You don’t have to take my word for it. Do what you ordinarily would when you have questions about medical topics you don’t know much about: check WebMD. For instance, according to Cocaine vs. Crack: What’s the Difference?, a WebMD article by Nichole Tucker, MA, “[c]ocaine and crack look different to the naked eye but these drugs have no pharmacological differences….” “You may wonder how these drugs differ and if one is more dangerous to use than the other,” the article continues. “In short, the answer is no.”
That’s only the first paragraph of the article. Yet you already know everything you need to know to question why we ever treated crack cocaine 100 times worse, or even 18 times worse, than we treated powder cocaine.
Why is the EQUAL Act stuck in Congress?
Honestly, I have no idea.

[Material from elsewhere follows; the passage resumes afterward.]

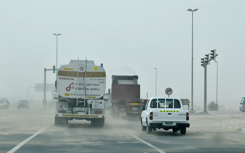 ووقعت معظم أجزاء الدولة، خصوصاً إمارة دبي، تحت تأثير منخفض حراري قوي وعميق، اعتباراً من الجمعة الماضية، الأمر الذي أدى إلى ارتفاع ملحوظ في درجات الحرارة، وتدفق الهواء من مناطق الضغط المرتفع إلى الضغط المنخفض، ما أدى إلى نشاط الرياح الجنوبية الغربية المثيرة للغبار في معظم أجزاء الإمارات. وأفاد رئيس قسم الحوادث والإصابات بمستشفى راشد في دبي، الدكتور فيكتور بطرس، بأن المستشفى تعامل مع حالات عانت أزمات صحية بسبب الغبار وتم إسعافها، محذراً من الخروج في هذا الطقس الذي يعرض صحة كثيرين للخطر.

We’re currently wading through a peculiar political environment. Both parties control (or, more accurately, are about to control) part but not all of Congress.

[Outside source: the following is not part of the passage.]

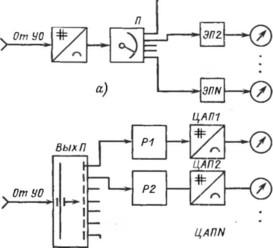 Как показано на обобщенной структурной схеме рис. 5.43, в числе получателей информации с выхода устройства обработки (УО) находятся аналоговые приборы (АП) (показывающие и регистрирующие). УО выдает информацию в виде параллельных цифровых кодов. Для вывода в аналоговые приборы ее требуется обработать цифро-аналоговыми преобразователями (ЦАП). Наиболее экономична по числу используемых блоков схема вывода информации с групповым ЦАП, приведенная на рис. 5.46,а. В соответствии со сменой кодовых сигналов на выходе УО работает переключатель ВыхП, распределяя аналоговые сигналы с выхода ЦАП по индивидуальным цепям. В каждую из них входят аналоговый элемент памяти (ЭП) и аналоговый прибор (АП). Элементом памяти может, например, служить конденсатор с усилителем на выходе. Выходной переключатель в данном случае не отличается принципиально от входных переключателей аналоговых сигналов.

In addition to splitting control in the legislative branch, both parties share control in the rest of the government, too. On the one hand, President Biden is obviously president, which means the Democratic Party controls the executive branch. On the other, Republicans control the U.S. Supreme Court (even though saying that a political party controls the Supreme Court seems to be off limits to most of the media and political world).
What we have left, then, is often a stalemate in politics except for in those situations in which the Supreme Court enforces its will over that of the other branches.

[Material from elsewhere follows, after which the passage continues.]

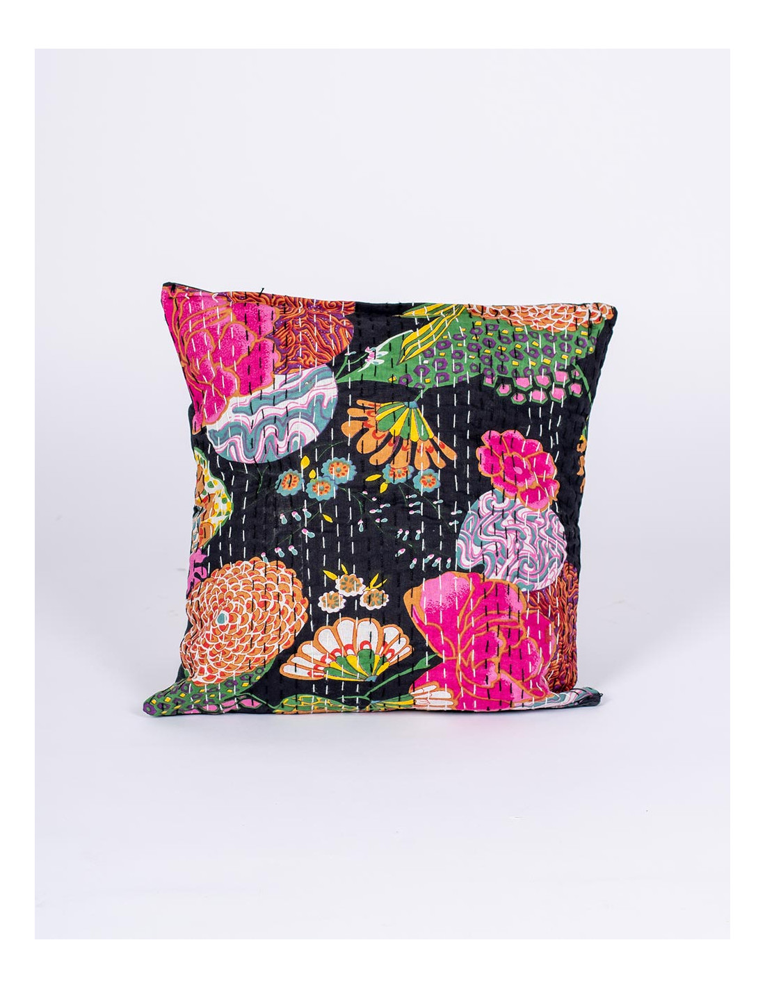 A costura decorativa adiciona textura e um acabamento artesanal único, realçando o trabalho detalhado que caracteriza a decoração indiana. O verso liso, no mesmo tom preto, facilita a combinação com outras almofadas ou mantas em cores neutras ou vibrantes.

In a political environment where stalemates are common, making progress on something with as much widespread, bipartisan support as the EQUAL Act seems as uncontroversial as it is easy. But that progress isn’t happening. Why?
It’s hard to understand — not because it’s complicated, but because opposition to the EQUAL Act simply isn’t out there. Spend a few minutes looking up why the EQUAL Act is dangerous or who opposes it, and you’ll find yourself empty-handed. Sure, there are lawmakers who rely on misleading claims to oppose pretty much all criminal justice reform (and sometimes forget who is to blame for it). And then there are also politicians who want to execute all drug offenders.
But when it comes to the EQUAL Act, specific opposition is literally hard to find.
Is all criminal justice reform doomed?
The EQUAL Act passed in the House by a lot: 361-66. It also has bipartisan support in Congress and enough legislative cosponsors in the U.S. Senate to hop the filibuster hurdle with ease. President Biden has already came out in support of it. And, perhaps most importantly, almost nine out of every ten Americans support it.
With all of that support behind it, the EQUAL Act fell flat in the U.S. Senate. And, over the past year, it has barely been able to to stand up. It’s easy to see what happened with the EQUAL Act over the past year and feel like it’s doomed. Frankly, it’s easy to see what happened with the EQUAL Act over the past year and feel like all criminal justice reform is doomed. There’s no guarantee that this feeling won’t be right. But there’s still a little bit of hope.
According to a comment that Udi Ofer, the John L. Weinberg Visiting Professor and Lecturer of Public and International Affairs and the founding director of the Policy Advocacy Clinic at Princeton SPIA, made about the impact of the midterm elections, legislation like the EQUAL Act has a shot during the current lame duck session. Ofer said he “can see some popular bipartisan reforms pass Congress, including on criminal justice reform,” during “the lame duck session[.]” “The EQUAL Act, which would end the sentencing disparities between crack and powder cocaine, has more than 10 Republican co-sponsors in the Senate so it can withstand a filibuster and seems ripe for some action this lame duck session,” he said. “Same could hold true for federal marijuana reform.”
Will Ofer be right? Or will the lack of progress that has defined the last year continue to carry the day? For now, your guess is as good as mine.